Write out the material below again, line for line, without any images.

| Input data |
--
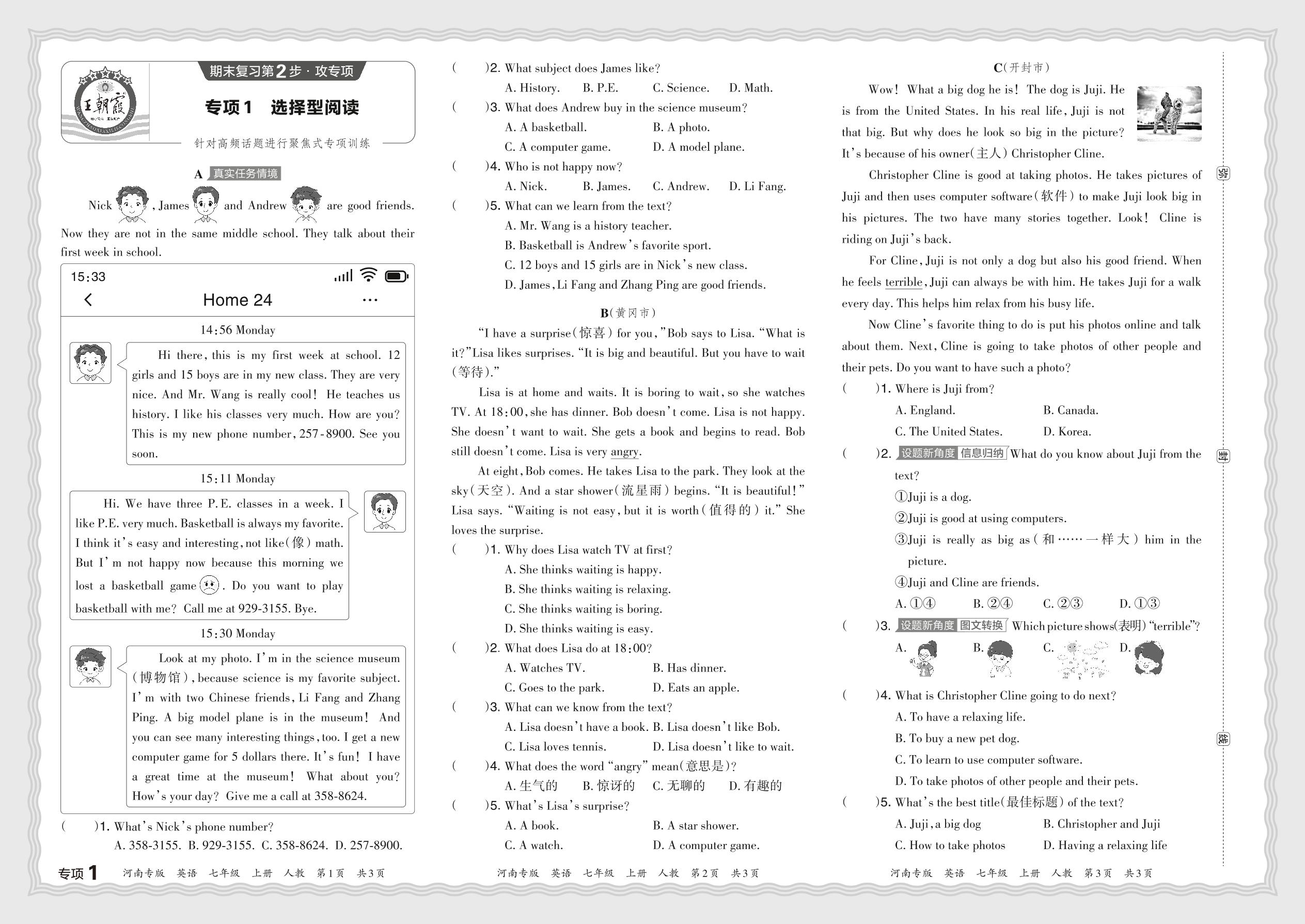 2023秋上册七年级英语人教版 期末专项卷·选择型阅读【1】
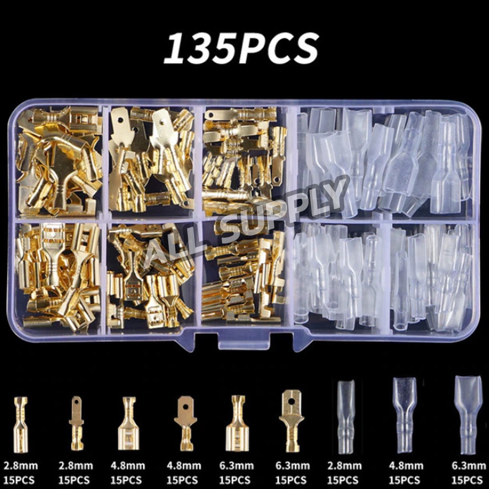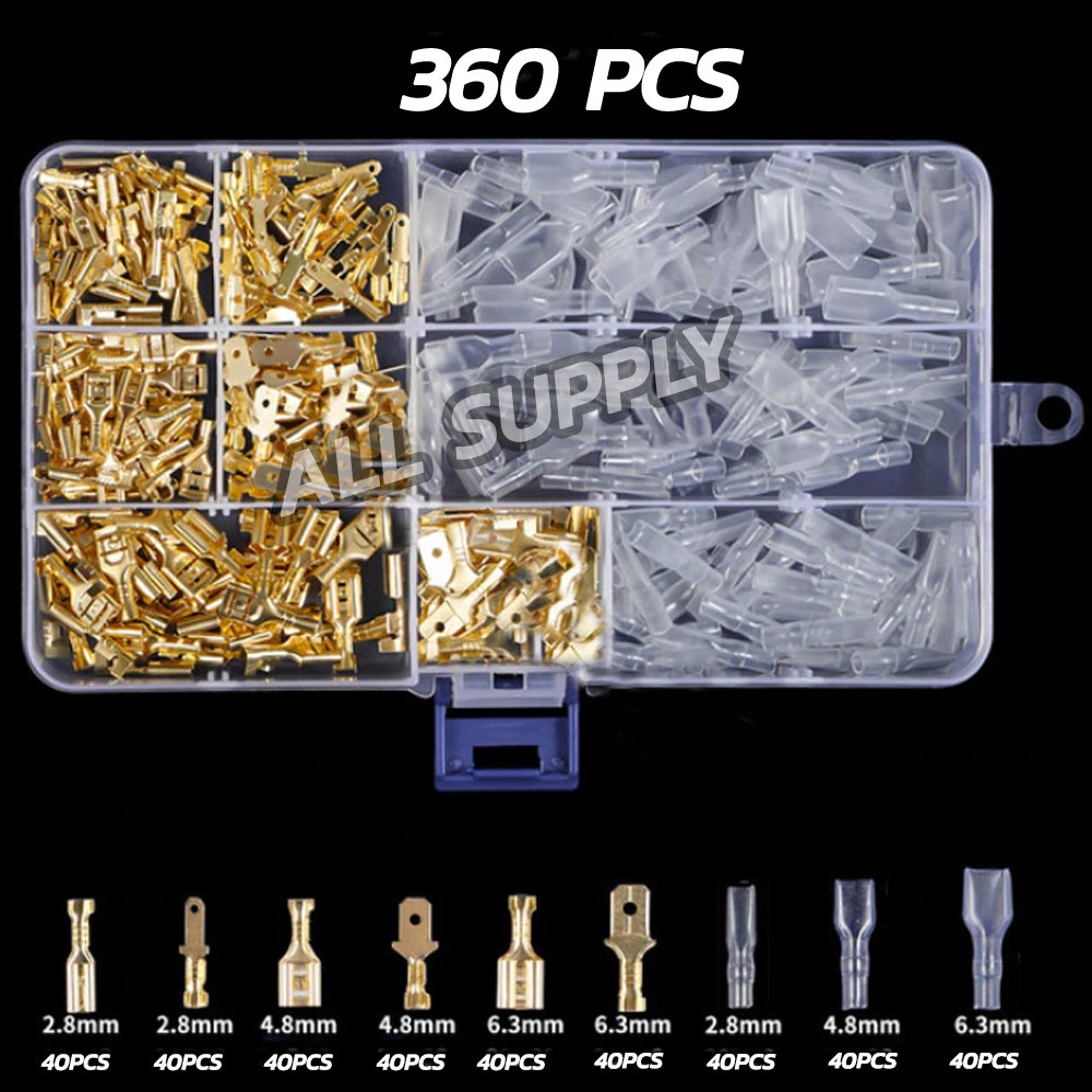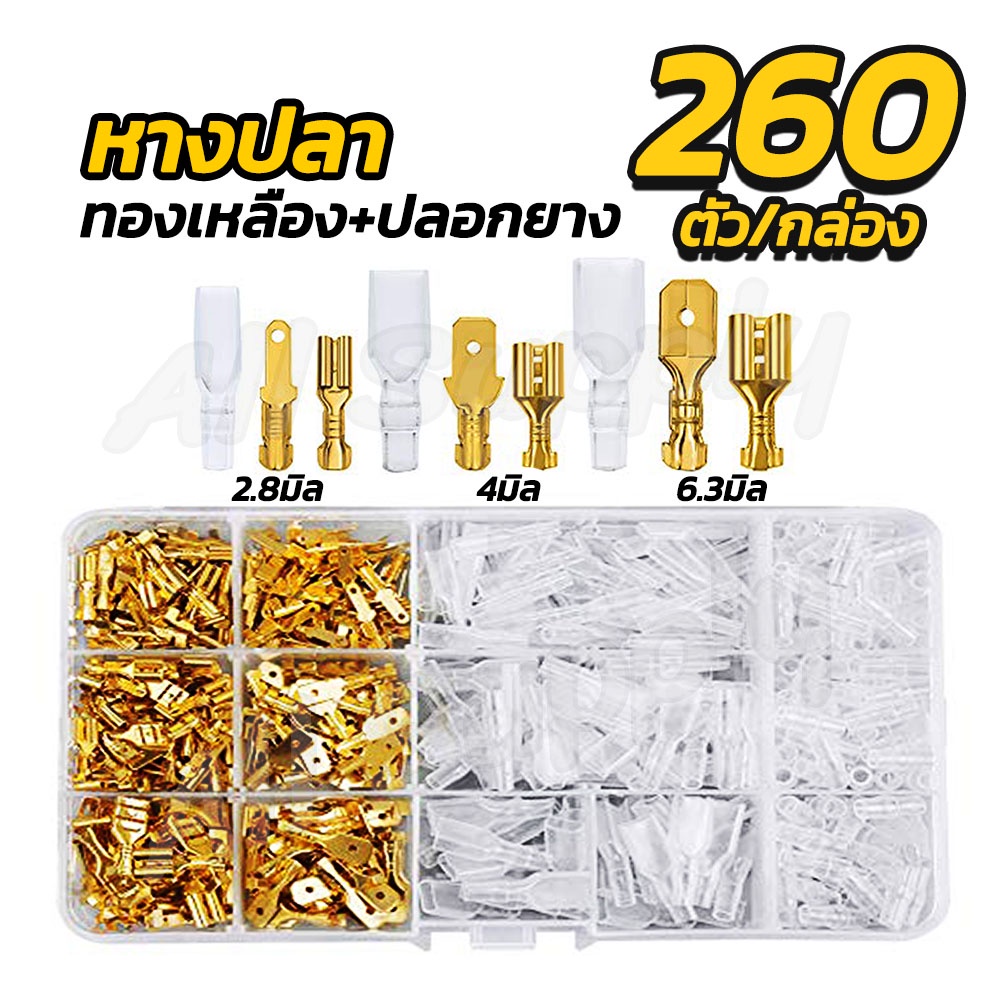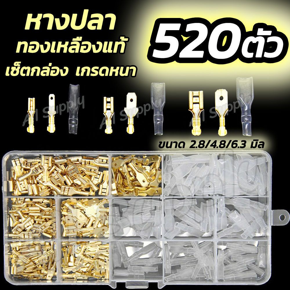 หางปลาทองเหลือง 1,051ชิ้น,520ชิ้น,360ชิ้น,260ชิ้น,135ชิ้น กล่อง แบนเมีย + แบนผู้ + ปลอกยาง แบน(กลาง+จิ๋ว ขนาด6.3+4.8+2.8มิล) รุ่นหนา ไม่รวมค่าขนส่ง อย่างดี เกรดเอ ต่อสายไฟ
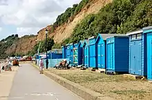 Lake is a seaside village situated above the cliffs on Sandown bay, it stands at an elevation of 63 feet (19 m) above sea-level.[5] Lake's beach or 'Welcome Beach' has golden sands and reached by a steep path down the sandstone cliffs to the Revetment.[6] It has two cafes (Hinks and Strollers), beach huts, a Sea Scout hut and inshore lifeboat.
--
| Solved problem |
 2023秋上册七年级英语人教版 期末专项卷·选择型阅读【1】
 หางปลาทองเหลือง 1,051ชิ้น,520ชิ้น,360ชิ้น,260ชิ้น,135ชิ้น กล่อง แบนเมีย + แบนผู้ + ปลอกยาง แบน(กลาง+จิ๋ว ขนาด6.3+4.8+2.8มิล) รุ่นหนา ไม่รวมค่าขนส่ง อย่างดี เกรดเอ ต่อสายไฟ
 Lake is a seaside village situated above the cliffs on Sandown bay, it stands at an elevation of 63 feet (19 m) above sea-level.[5] Lake's beach or 'Welcome Beach' has golden sands and reached by a steep path down the sandstone cliffs to the Revetment.[6] It has two cafes (Hinks and Strollers), beach huts, a Sea Scout hut and inshore lifeboat.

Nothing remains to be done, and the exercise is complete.